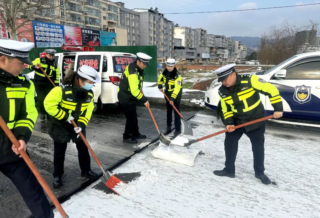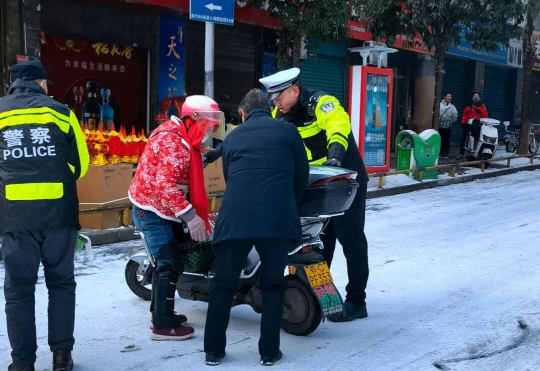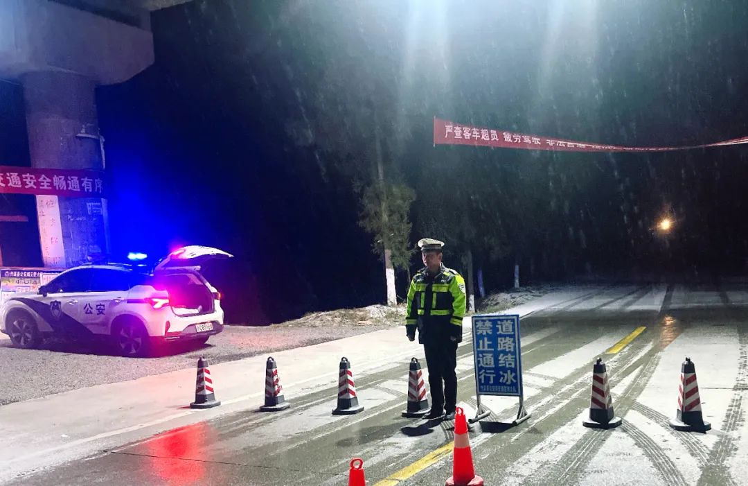 以雪为令闻雪即动,县公安交警大队和各派出所第一时间对辖区道路开展踏查对存在通行隐患路段进行交通管制叮嘱过往车辆谨慎驾驶。
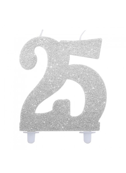 Candela cm 12 Argento Glitter. Perfetta per dare un tocco di eleganza alla tua torta
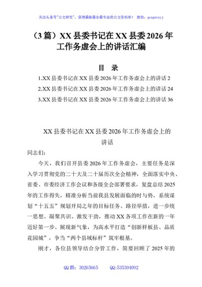 (3篇)XX县委书记在XX县委2026年工作务虚会上的讲话汇编
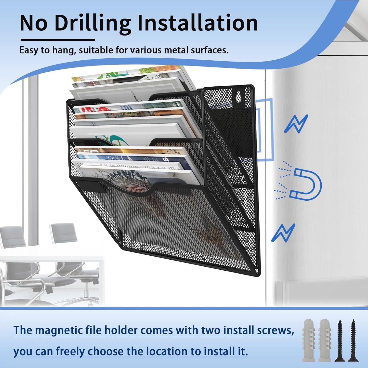• 【Durable Metal Construction】Crafted from high-quality metal with an attractive mesh wire design, this magnetic hanging file organizer features a durable powder coat finish that is resistant to oxidation and rust. Please exercise caution when removing the product from an iron surface due to its strong magnetic force.
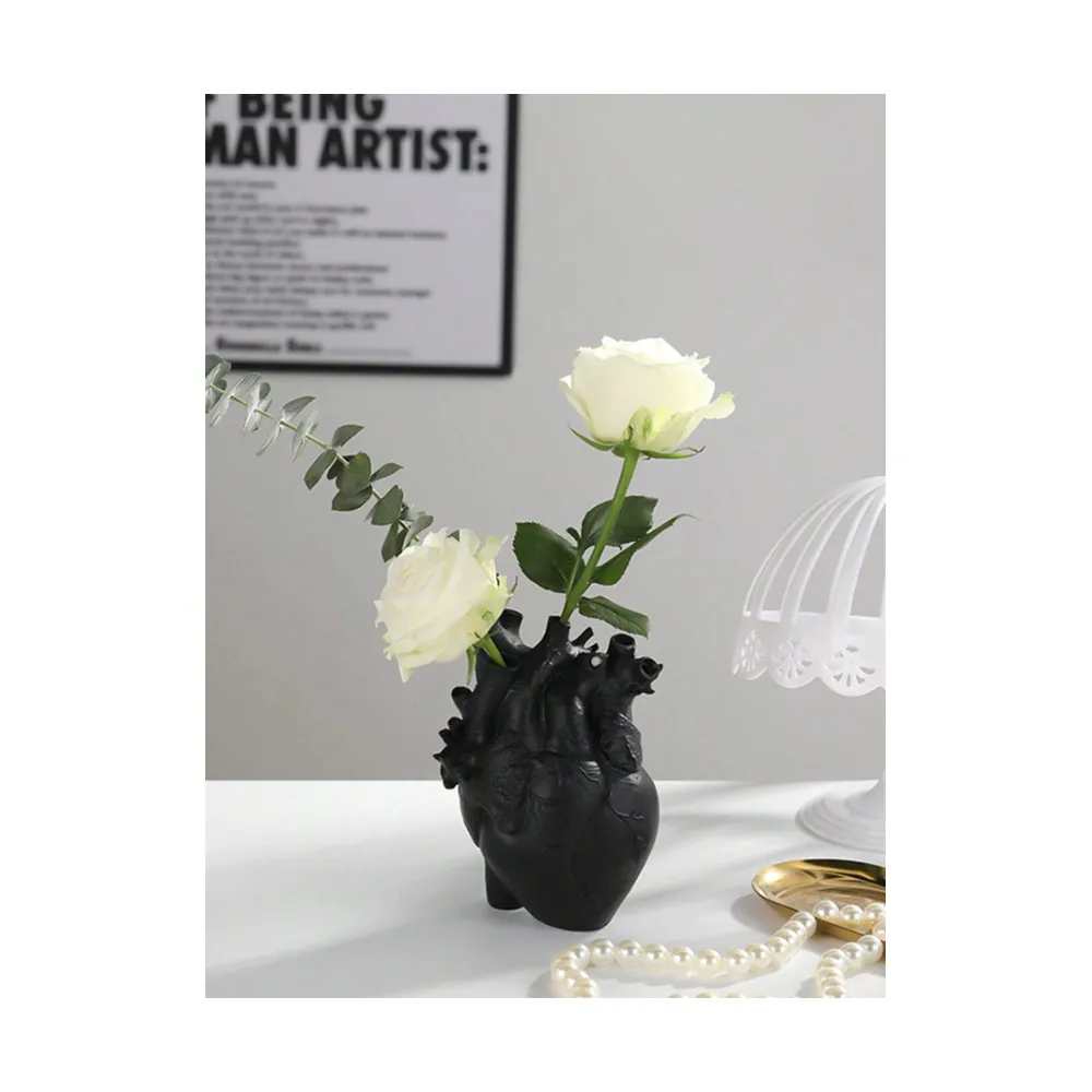 Vaza Decorativa în forma de Inima,Negru, 17x13cm - 504144N
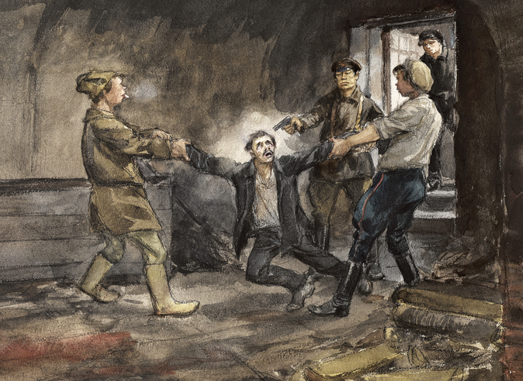 В д. Фыкалке Петровской волости ячейка была закована в кандалы и жестоко избивалась. В д. Ярах Николаевской волости ячеешников (членов коммунистических ячеек. – Прим. С.Р.) привязывали к деревьям, били по голове, кололи вилами и двух зверски убили".
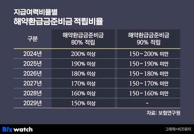 금융당국은 킥스 비율의 일정 조건을 충족하는 보험사에 한해서는 배당가능이익을 확보할 수 있도록 해약환급금준비금 적립비율을 조정토록 했다. 올해는 킥스 비율이 190% 이상인 경우 해약환급금준비금을 80%만 적립하면 된다. 이 기준은 매년 10%포인트 낮아져 2029년에는 킥스 비율 150% 이상으로 기준이 하향된다.
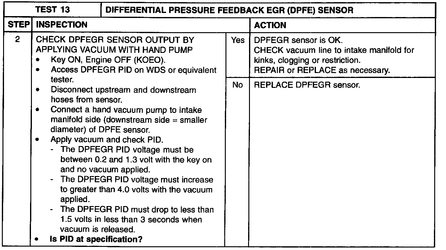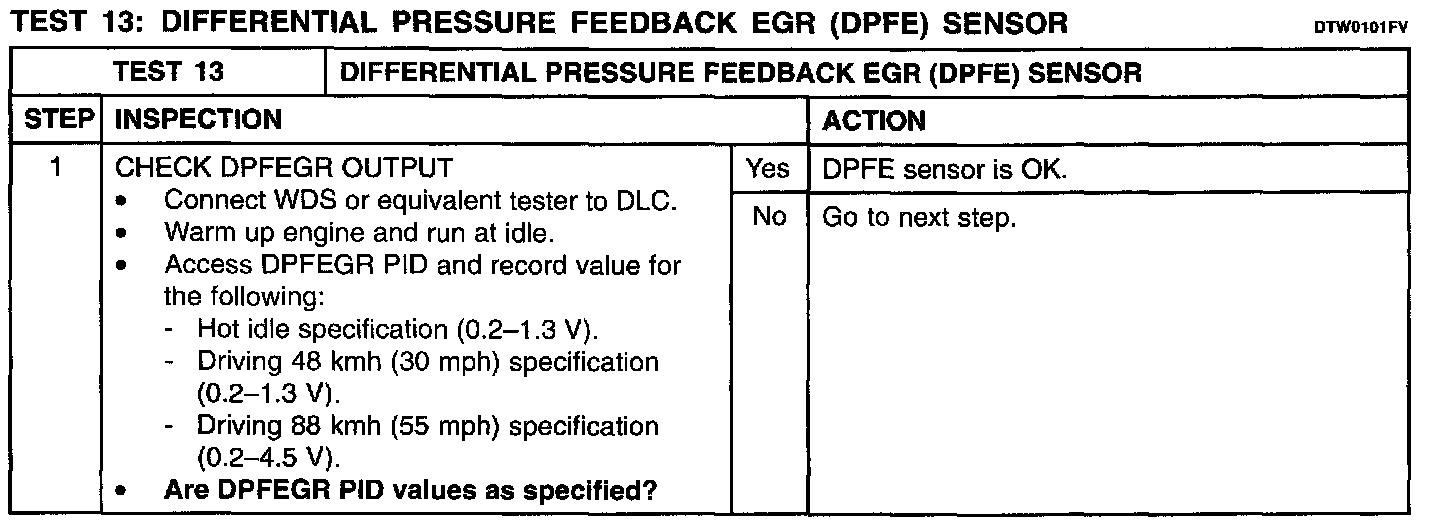 Test 13: Differential Pressure Feedback EGR (DPFE) Sensor
====
DESCRIPTION OF THE TASK:
Above are some records. Reproduce the lines from the one with "strong magnetic force." down to the one with "Vaza Decorativa în", keeping both, and leave every picture out.

RESPONSE FOR THIS EXERCISE:
• 【Durable Metal Construction】Crafted from high-quality metal with an attractive mesh wire design, this magnetic hanging file organizer features a durable powder coat finish that is resistant to oxidation and rust. Please exercise caution when removing the product from an iron surface due to its strong magnetic force.
 Vaza Decorativa în forma de Inima,Negru, 17x13cm - 504144N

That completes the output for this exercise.